━━ Input

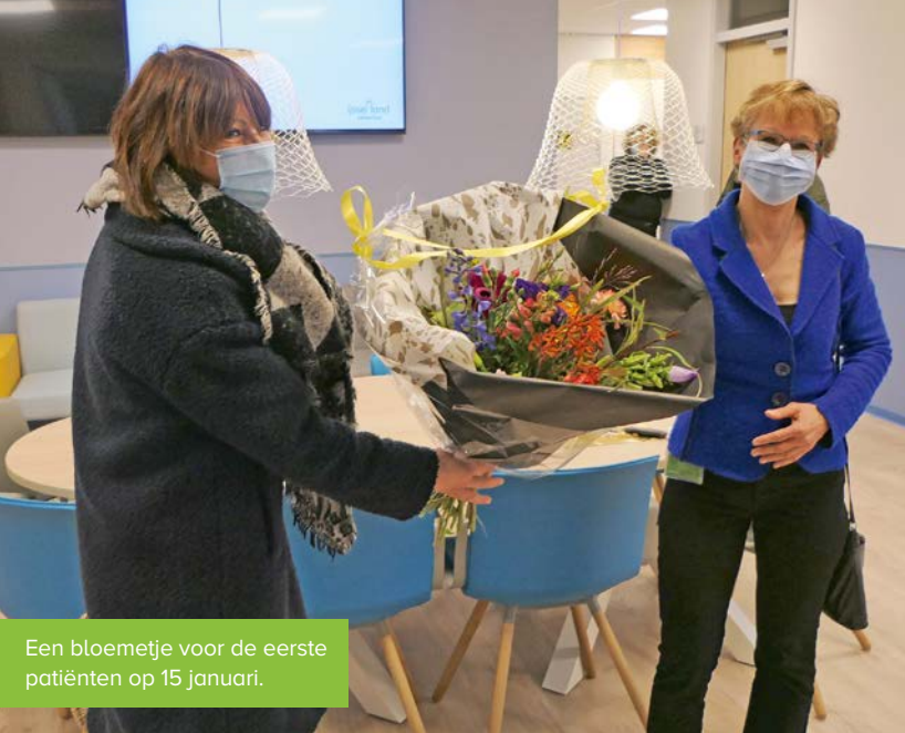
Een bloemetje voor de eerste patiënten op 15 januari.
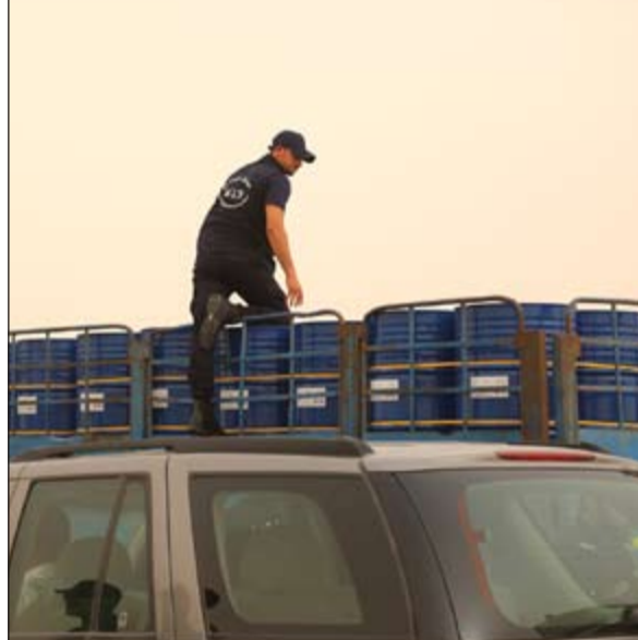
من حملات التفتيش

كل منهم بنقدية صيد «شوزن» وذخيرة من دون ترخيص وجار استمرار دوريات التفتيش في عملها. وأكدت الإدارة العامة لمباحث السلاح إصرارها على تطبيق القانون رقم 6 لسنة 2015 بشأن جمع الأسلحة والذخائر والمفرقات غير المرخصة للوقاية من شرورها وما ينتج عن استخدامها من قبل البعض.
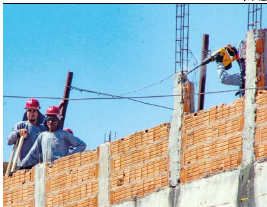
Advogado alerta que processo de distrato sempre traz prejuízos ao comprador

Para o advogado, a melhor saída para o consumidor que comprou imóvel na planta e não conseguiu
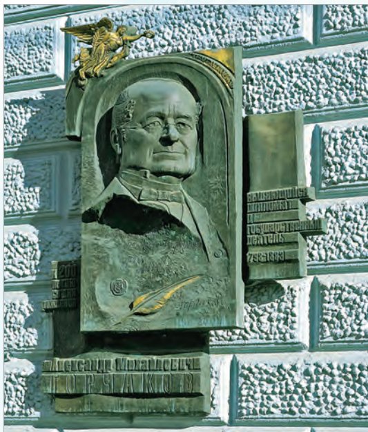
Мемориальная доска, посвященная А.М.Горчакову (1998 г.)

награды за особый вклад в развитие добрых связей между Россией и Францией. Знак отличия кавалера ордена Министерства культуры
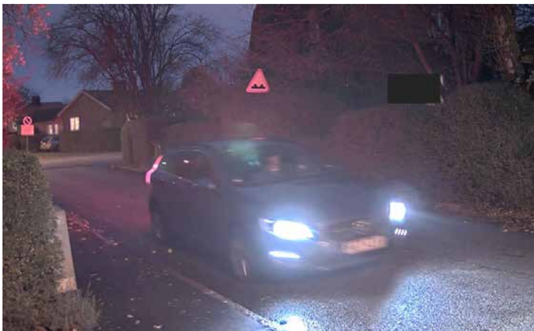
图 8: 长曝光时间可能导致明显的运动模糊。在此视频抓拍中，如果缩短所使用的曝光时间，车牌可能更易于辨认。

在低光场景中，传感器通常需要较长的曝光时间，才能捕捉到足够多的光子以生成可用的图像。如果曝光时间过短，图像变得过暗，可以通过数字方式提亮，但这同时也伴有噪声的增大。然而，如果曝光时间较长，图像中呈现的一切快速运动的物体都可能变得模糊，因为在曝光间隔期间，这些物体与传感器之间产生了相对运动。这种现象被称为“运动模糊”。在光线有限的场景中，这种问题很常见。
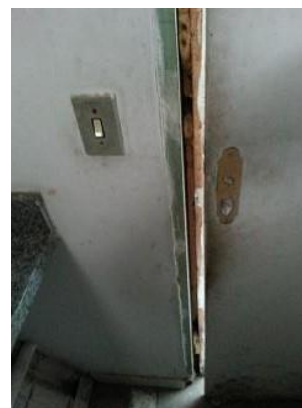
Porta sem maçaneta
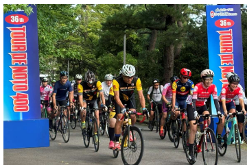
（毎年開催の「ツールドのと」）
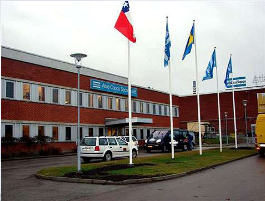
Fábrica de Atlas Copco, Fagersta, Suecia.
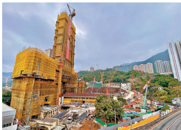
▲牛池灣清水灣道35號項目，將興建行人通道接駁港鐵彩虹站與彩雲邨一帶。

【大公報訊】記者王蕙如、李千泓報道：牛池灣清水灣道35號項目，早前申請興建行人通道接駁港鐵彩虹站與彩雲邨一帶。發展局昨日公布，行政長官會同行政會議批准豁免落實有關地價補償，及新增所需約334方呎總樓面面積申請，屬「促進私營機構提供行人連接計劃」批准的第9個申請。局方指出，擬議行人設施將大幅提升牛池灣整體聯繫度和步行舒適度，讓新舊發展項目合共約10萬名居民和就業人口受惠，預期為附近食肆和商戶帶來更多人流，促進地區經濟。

━━━━

**Aim of the exercise:** Looking at the records, how many lines include "التفتيش"? Respond with the number only.

**Solution below:** 2